Effects of the invention As described above, according to the invention, waves can be effectively dissipated without generating wave splash and while ensuring the flow of water. Moreover, the waves create an airflow inside the vent, and this airflow causes the sounding body to generate sound, which not only alerts you to the state of the waves.
Sound can provide peace of mind to people near the water.
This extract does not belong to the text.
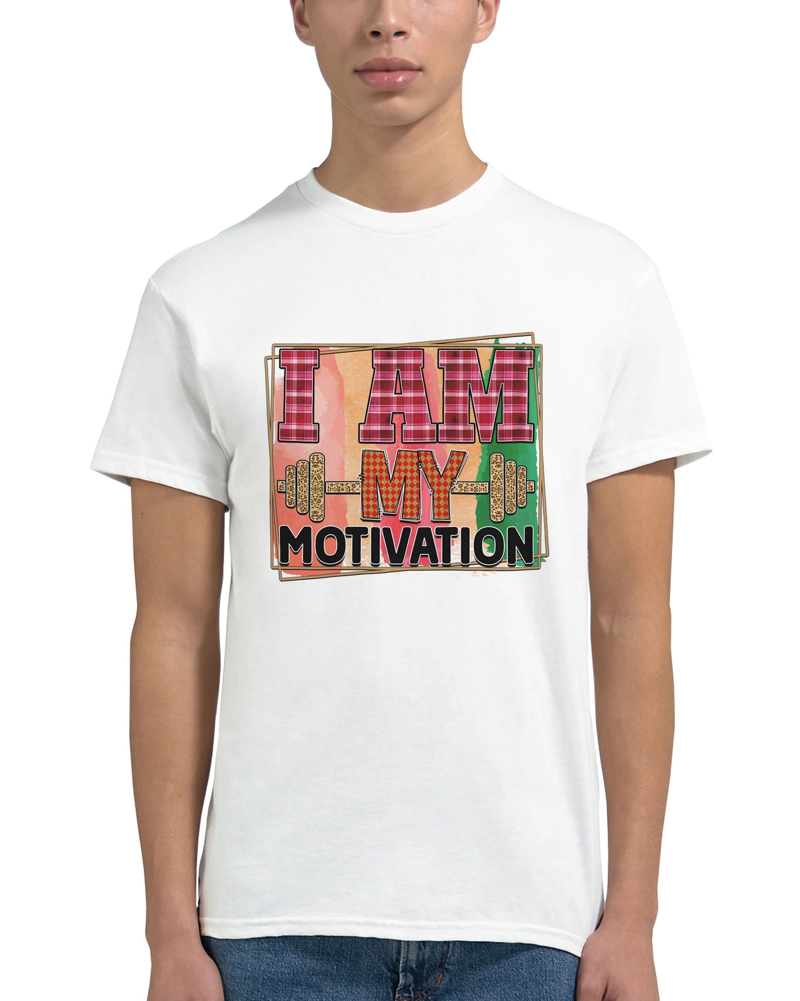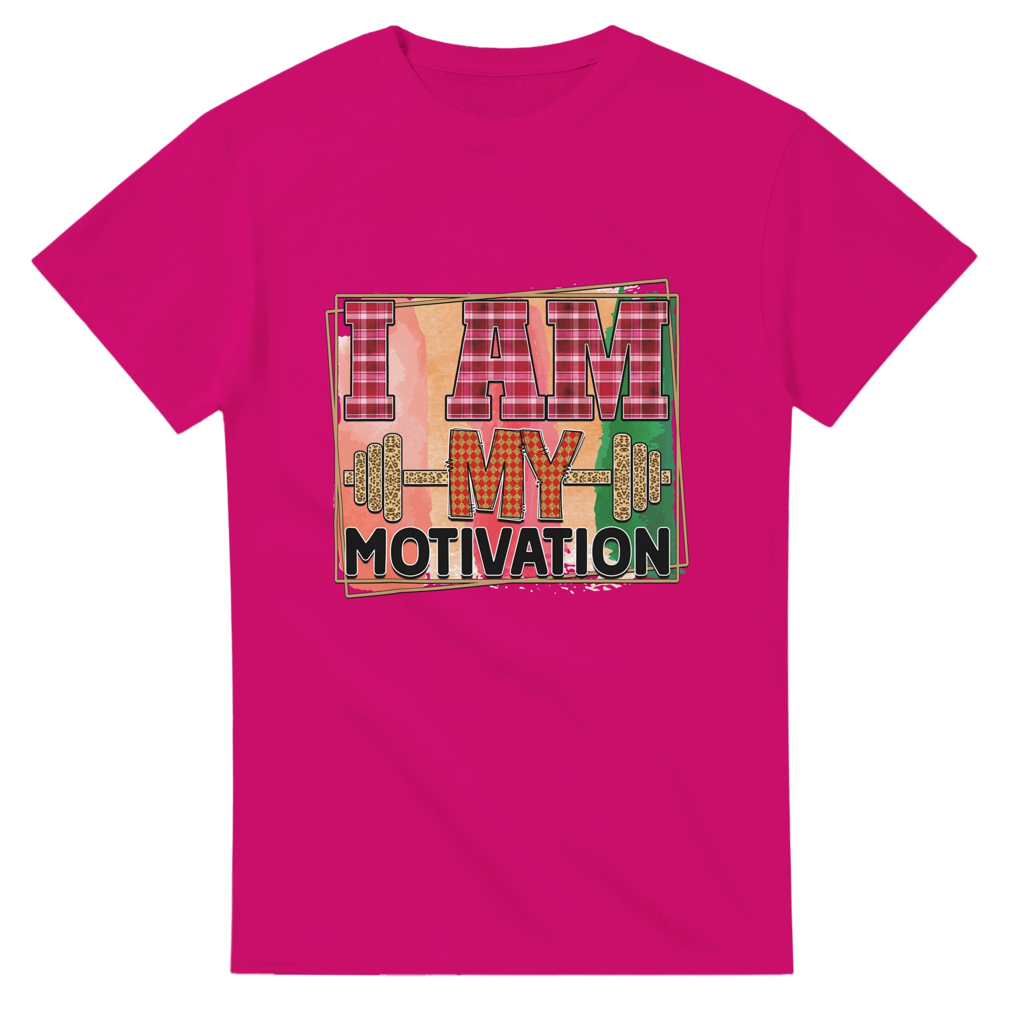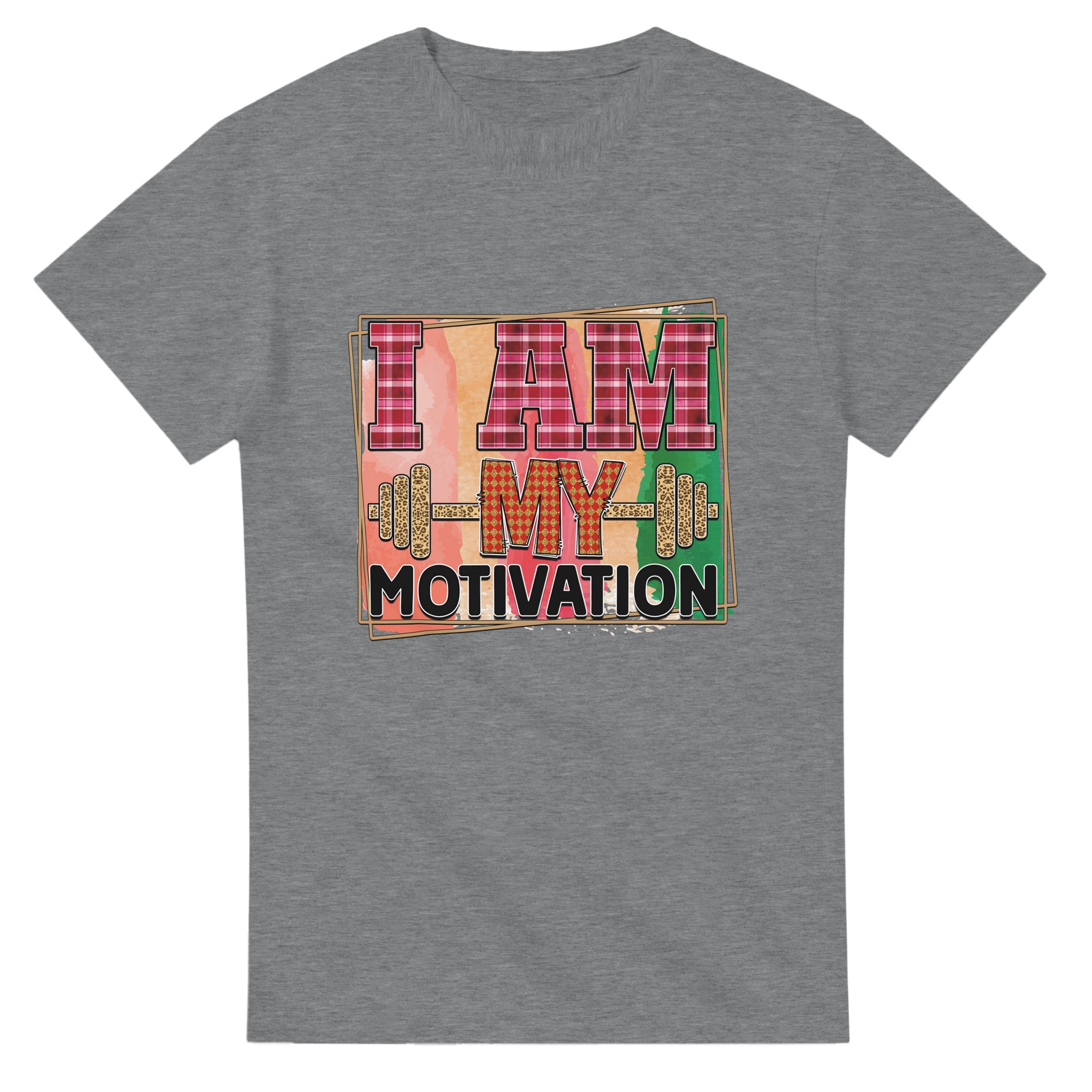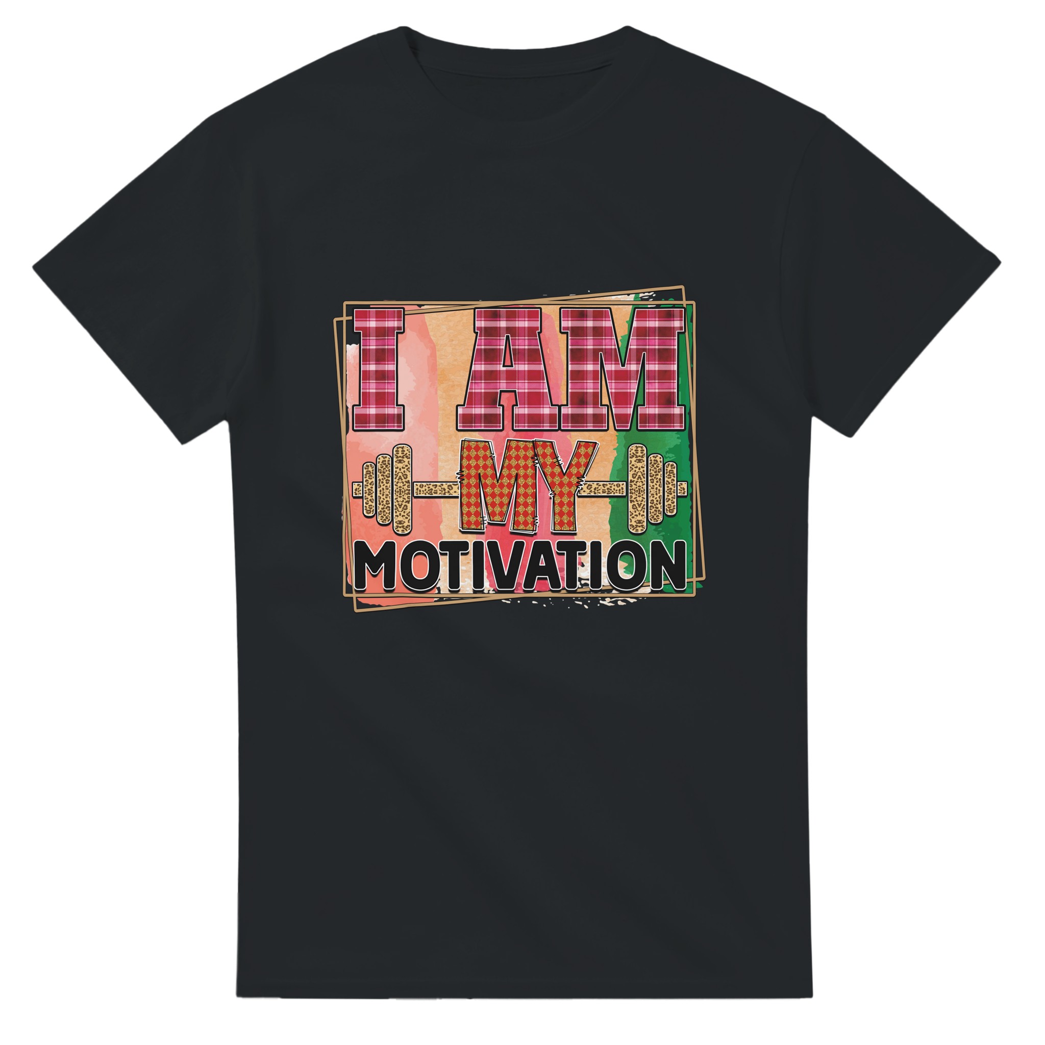 “I Am My Motivation” – Leopard & Plaid T-shirt för Träning och Vardagsbruk

[Brief explanation of drawings]

FIG. 1 is an overall sectional view showing an embodiment of the present invention;
Fig. 2 is a view taken along the line A-A in Fig. 1, Fig. 3 is a view showing the state in which the wave-dissipating blocks of the present invention are stacked, and Fig. 4 is a view taken along the arrow A-A in Fig. 1.
The figure is an overall sectional view showing another embodiment of the present invention. 1...Wave dissipating block, 2...Through hole, 5a, 5
b... Narrow path section, 6... Water retarding section, 7a, 7b, 21
...Vent, 8...Air, 9...Flute, 10...Wave, 11...Wave-dissipating wall.

Claims (1)

[Scope of Claim for Utility Model Registration] 1. A through-hole that forms a columnar body and whose cross-sectional area of the flow path changes by narrowing and expanding is formed in the axial direction, and one end of this through-hole is opened in the direction in which waves propagate. It is a wave-dissipating block that is stacked vertically and horizontally in multiple stages to form an embankment body, with one end communicating with the middle of the through hole, and the other end forming a ventilation hole open to the outside. A wave-dissipating block characterized in that a sounding body is provided in the middle of the ventilation hole to generate sound by the flow of air. 2. A claim for utility model registration characterized in that vent holes are formed so that vertically adjacent through holes communicate with each other when stacked, and one end of the vent hole communicates with a narrow portion of the through hole. The wave-dissipating block described in Range 1.